The position of a reaction front, propagating into a metastable state, fluctuates because of the shot noise of reactions and diffusion. A recent theory [B. Meerson, P.V. Sasorov, and Y. Kaplan, Phys. Rev. E 84, 011147 (2011)] gave a closed analytic expression for the front diffusion coefficient in the weak noise limit. Here we test this theory in stochastic simulations involving reacting and diffusing particles on a one-dimensional lattice. We also investigate a small noise-induced systematic shift of the front velocity compared to the prediction from the spatially continuous deterministic reaction-diffusion equation.

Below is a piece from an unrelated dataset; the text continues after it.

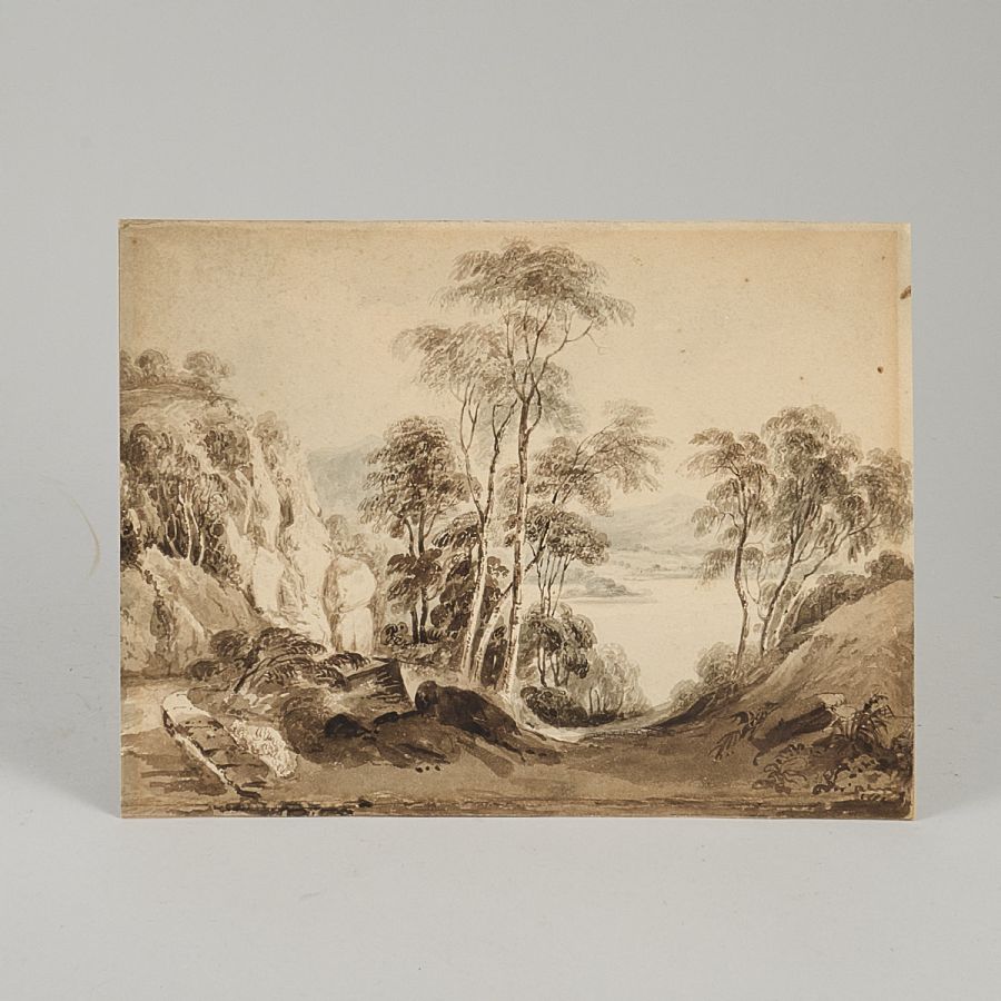 Anthony Devis (2729-1816), tillskriven. Vidsträckt sjölandskap. Ej signerad. Sepia och akvarell på papper lagd på kartong, 25x33 cm. Oramad
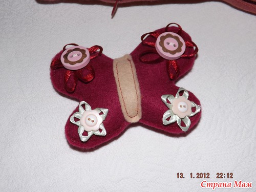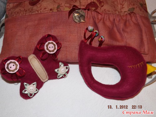 Бабочка... Просто бабочка. Когда уже сшила, подумала- надо было её шуршащую сделать или тоже погремушку, но было поздно.. В прямом смысле слова, 2 часа ночи! Поэтому получилась просто бабочка с деревянными пуговичками и ленточками.

We develop a new perturbation method for studying quasi-neutral competition in a broad class of stochastic competition models, and apply it to the analysis of fixation of competing strains in two epidemic models. The first model is a two-strain generalization of the stochastic Susceptible-Infected-Susceptible (SIS) model. Here we extend previous results due to Parsons and Quince (2007), Parsons et al (2008) and Lin, Kim and Doering (2012). The second model, a two-strain generalization of the stochastic Susceptible-Infected-Recovered (SIR) model with population turnover, has not been studied previously. In each of the two models, when the basic reproduction numbers of the two strains are identical, a system with an infinite population size approaches a point on the deterministic coexistence line (CL): a straight line of fixed points in the phase space of sub-population sizes. Shot noise drives one of the strain populations to fixation, and the other to extinction, on a time scale proportional to the total population size. Our perturbation method explicitly tracks the dynamics of the probability distribution of the sub-populations in the vicinity of the CL. We argue that, whereas the slow strain has a competitive advantage for mathematically typical initial conditions, it is the fast strain that is more likely to win in the important situation when a few infectives of both strains are introduced into a susceptible population.